Scholars and librarians from institutions including Princeton University, University of California, Berkeley, University of Michigan, University of Illinois Urbana–Champaign, and Cornell University have praised the index for enabling citation analysis of humanities scholarship involving figures such as Roland Barthes, Jacques Derrida, Simone de Beauvoir, Hannah Arendt, and Noam Chomsky. Critics associated with departments at Goldsmiths, University of London, University of Amsterdam, University of Helsinki, King's College London, and University of Sydney have raised concerns about coverage biases favoring anglophone journals and publishing houses like Penguin Random House and HarperCollins, and about limitations when comparing to domain-specific resources including Project MUSE and Google Scholar.

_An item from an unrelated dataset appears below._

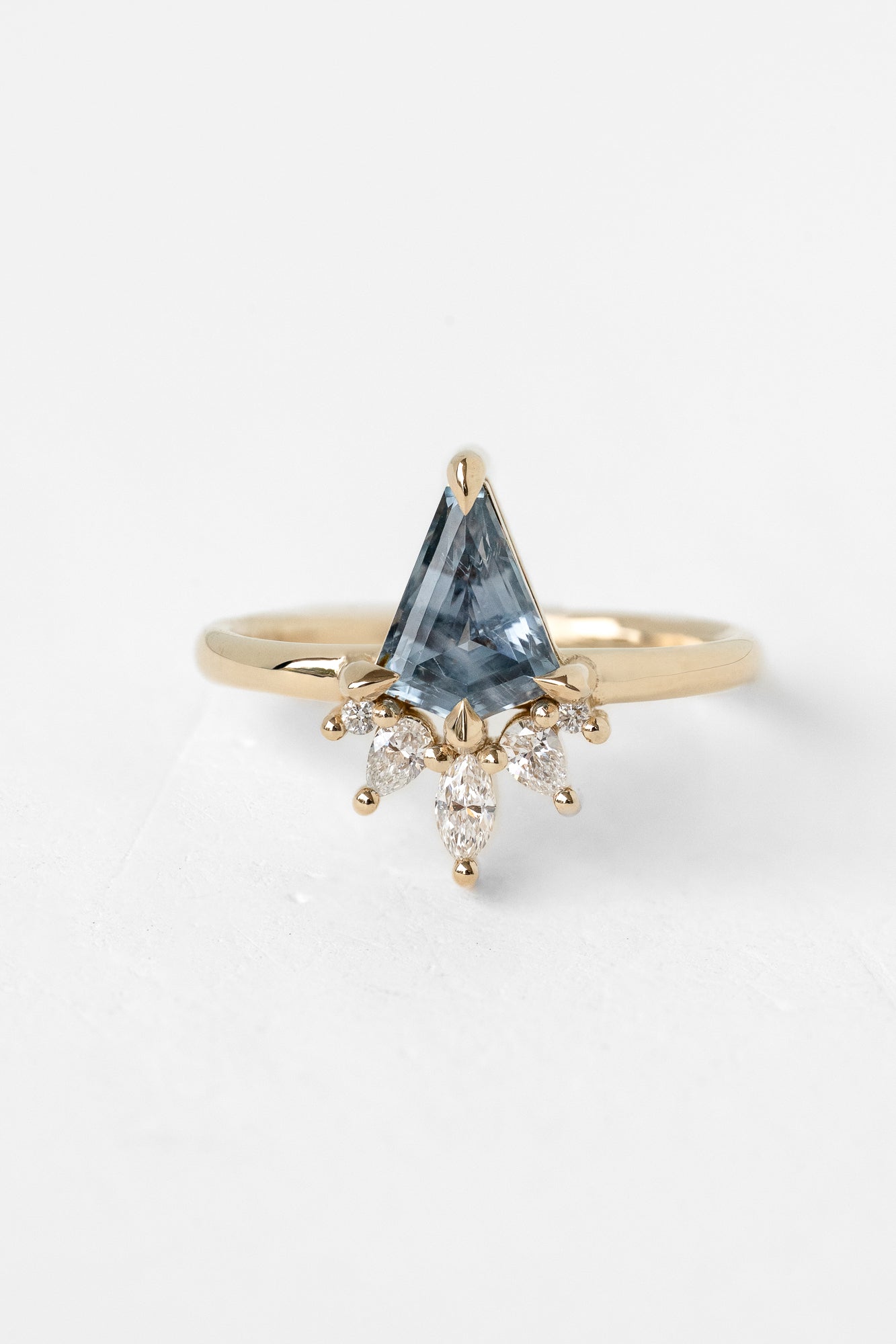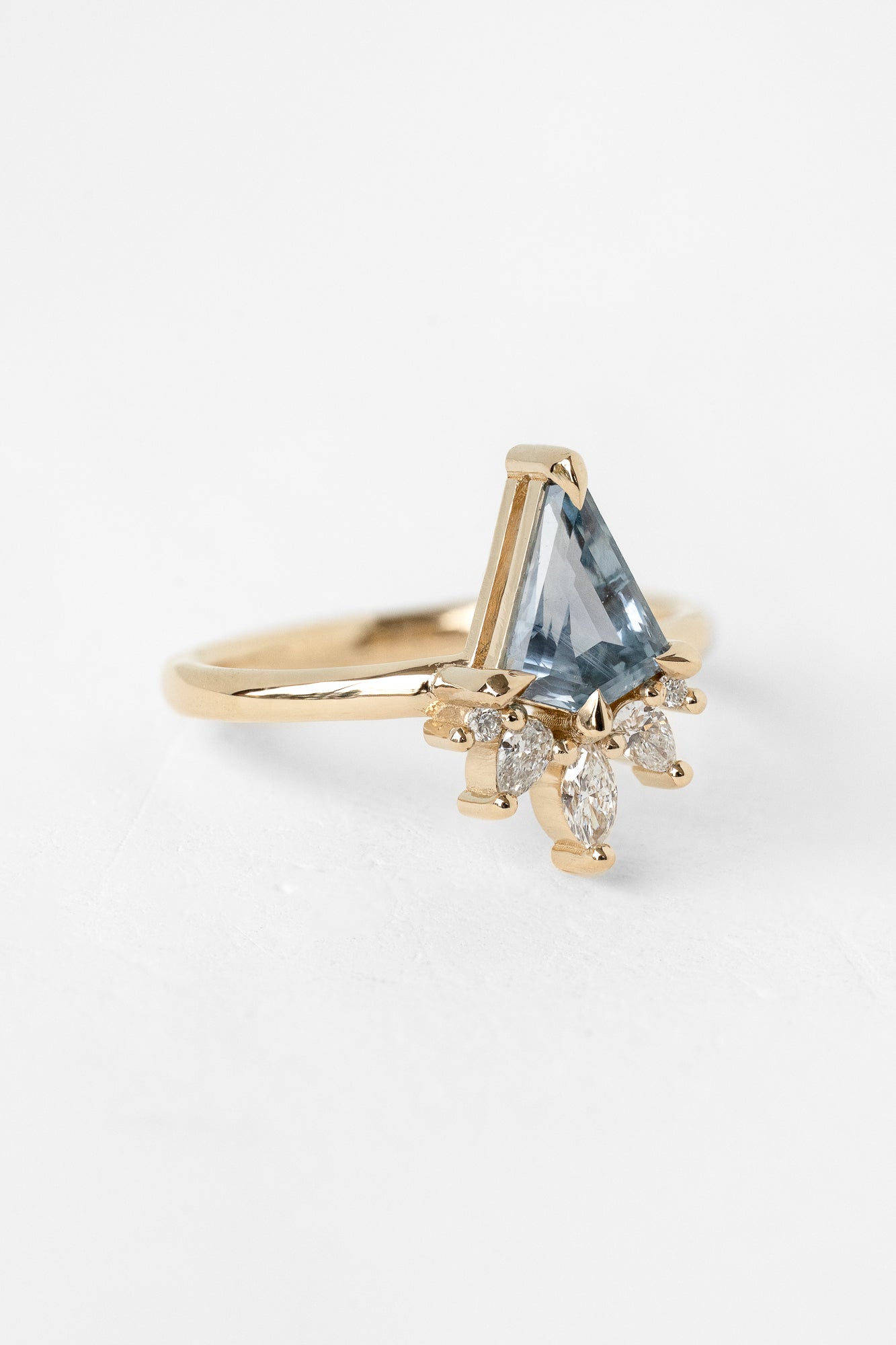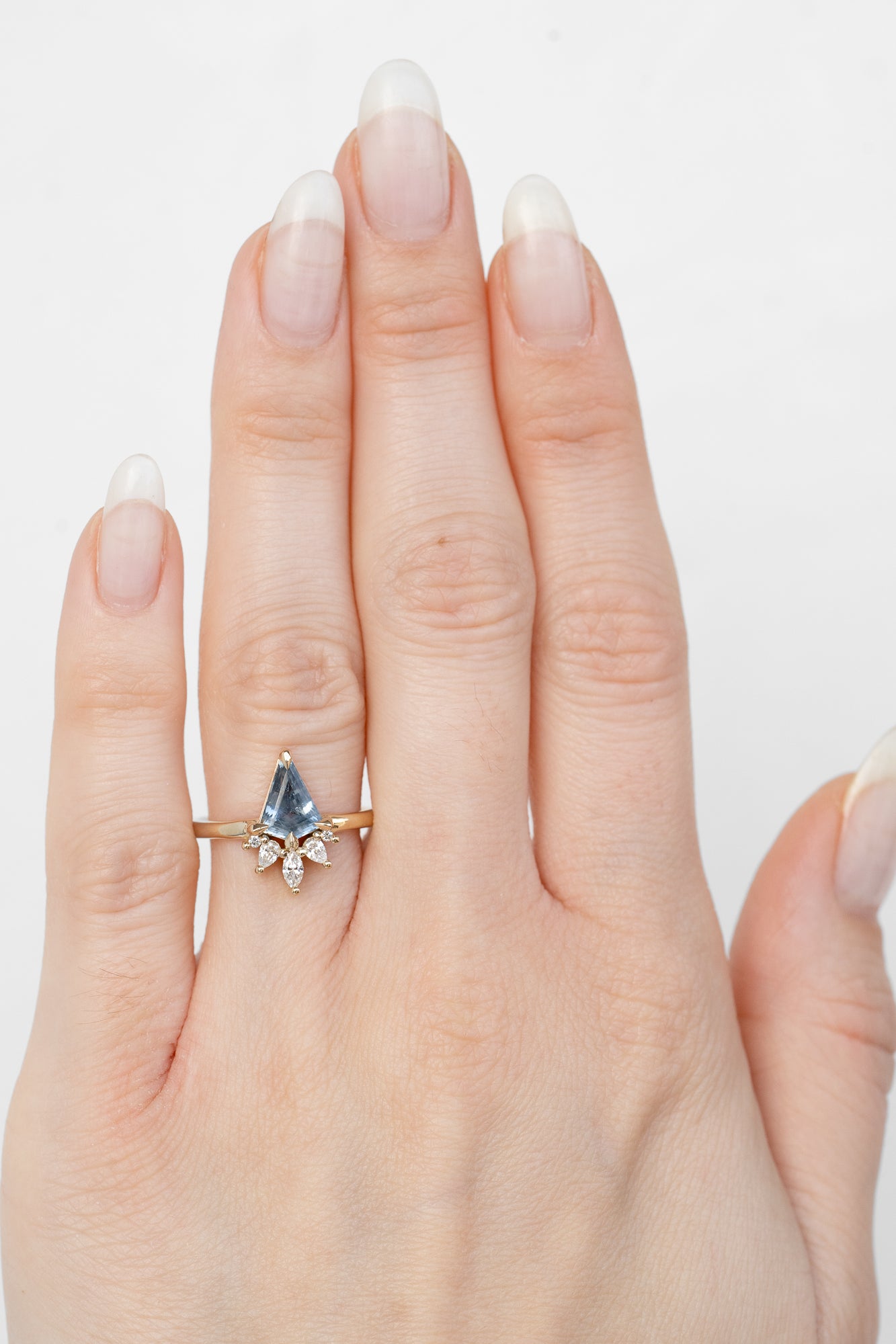 Just as the sky represents endless possibilities, this ring speaks to the boundless potential of your connection. The kite sapphire and sparkling sunburst are a deep reminder of mystical moments and magical experiences. With each wear, you're reminded that love knows no limits, and your shared dreams can take flight in harmony. Handmade with 14k gold and ethically sourced stones, this ring embodies soaring aspirations lifetime of love.
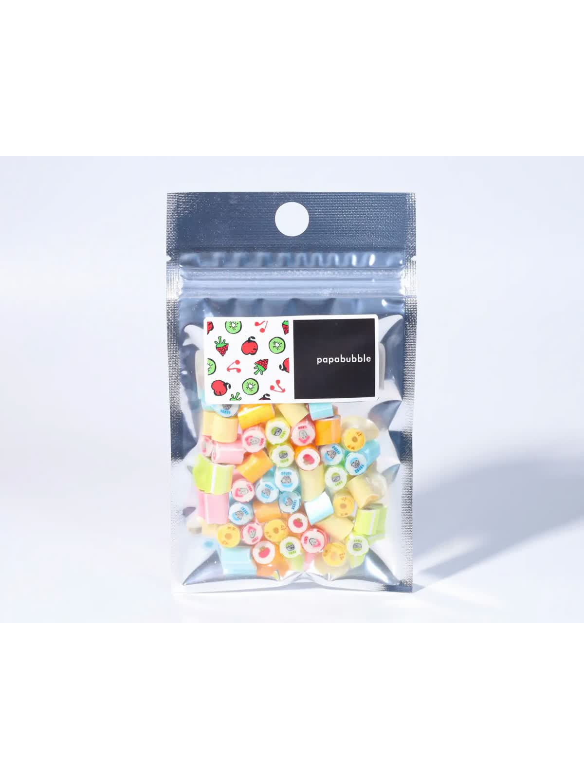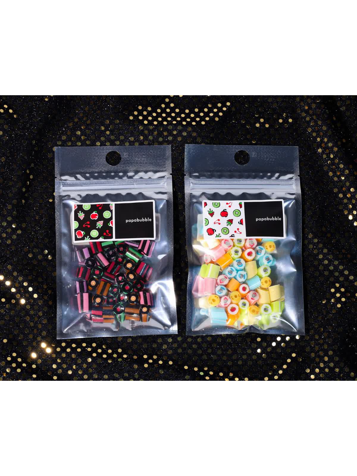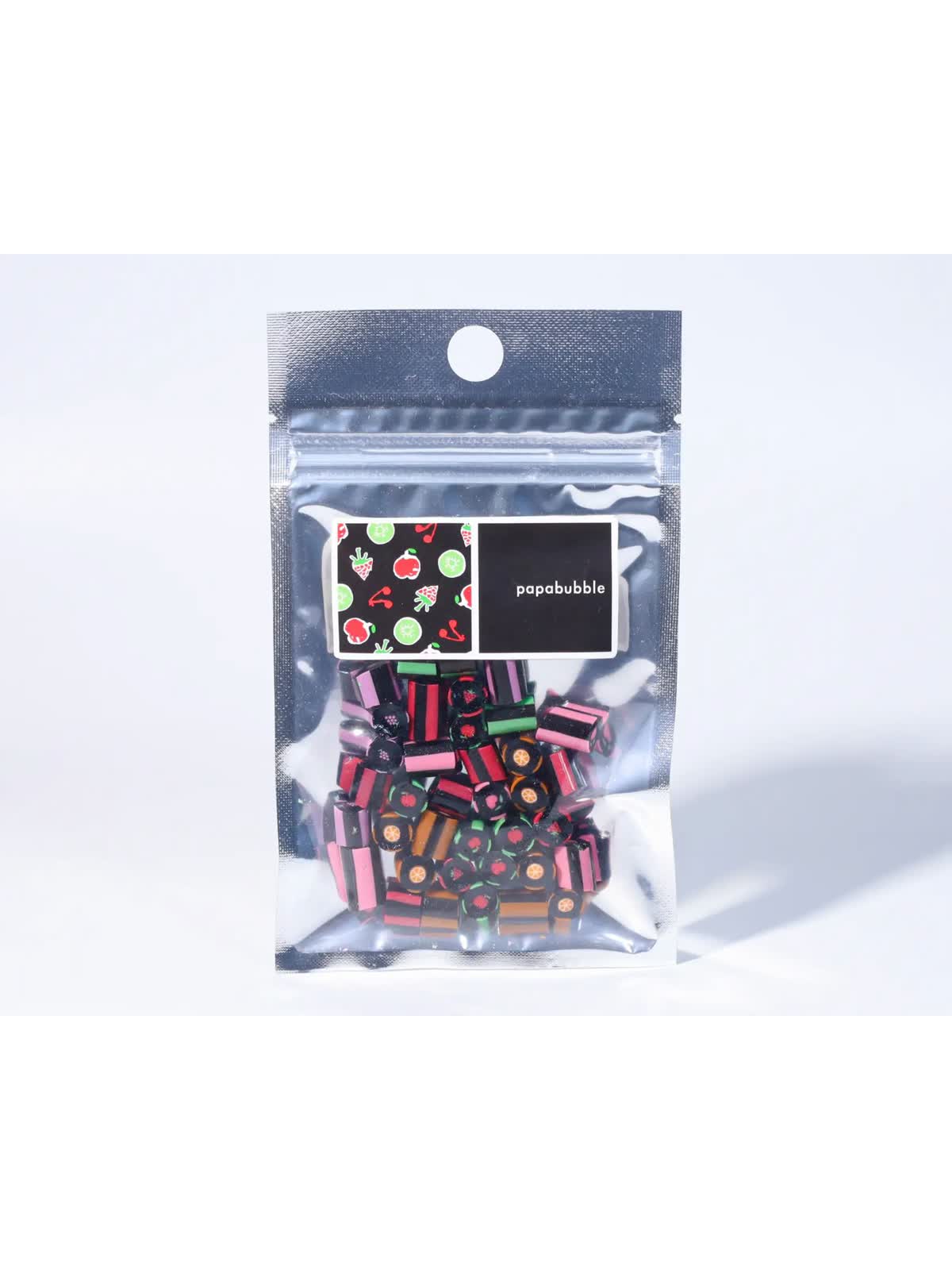 パパブブレ一番の人気商品である「フルーツミックス」の絵柄を、ブラックフライデーにちなんで”ブラック”に染めました。フレーバーは全て「フルーツ」×「ソーダ」のため、お子様にもおすすめのラインナップになっています。いつもと少し違う真っ黒なキャンディをお楽しみください。価格はそのままで、50gの量が入っているお得なキャンディです。

Impact and Uses in Research

The index is used to map citation networks linking authors and works such as Charles Dickens, George Orwell, Marcel Proust, T.S. Eliot, and Emily Dickinson, and to support bibliometric studies, literature reviews, tenure cases, and grant applications submitted to funders like National Endowment for the Humanities, Arts and Humanities Research Council, European Research Council, John Simon Guggenheim Memorial Foundation, and Ford Foundation. It informs digital humanities projects at centers like Stanford Humanities Center, Berkman Klein Center, Humanities Research Institute, Huntington Library, and NEH Digital Humanities initiatives analyzing archives related to Haruki Murakami, Toni Morrison, Gabriel García Márquez, Chinua Achebe, and Seamus Heaney.

The index interoperates with citation and discovery services and aggregators such as Web of Science, Scopus, Google Scholar, CrossRef, and WorldCat, and complements full-text repositories like Project Gutenberg, HathiTrust, Europeana, Digital Public Library of America, and Internet Archive. Institutional integrations occur with systems including Ex Libris, OCLC, ProQuest, EBSCOhost, and research information systems used by University of Oxford, UCL, and Massachusetts Institute of Technology.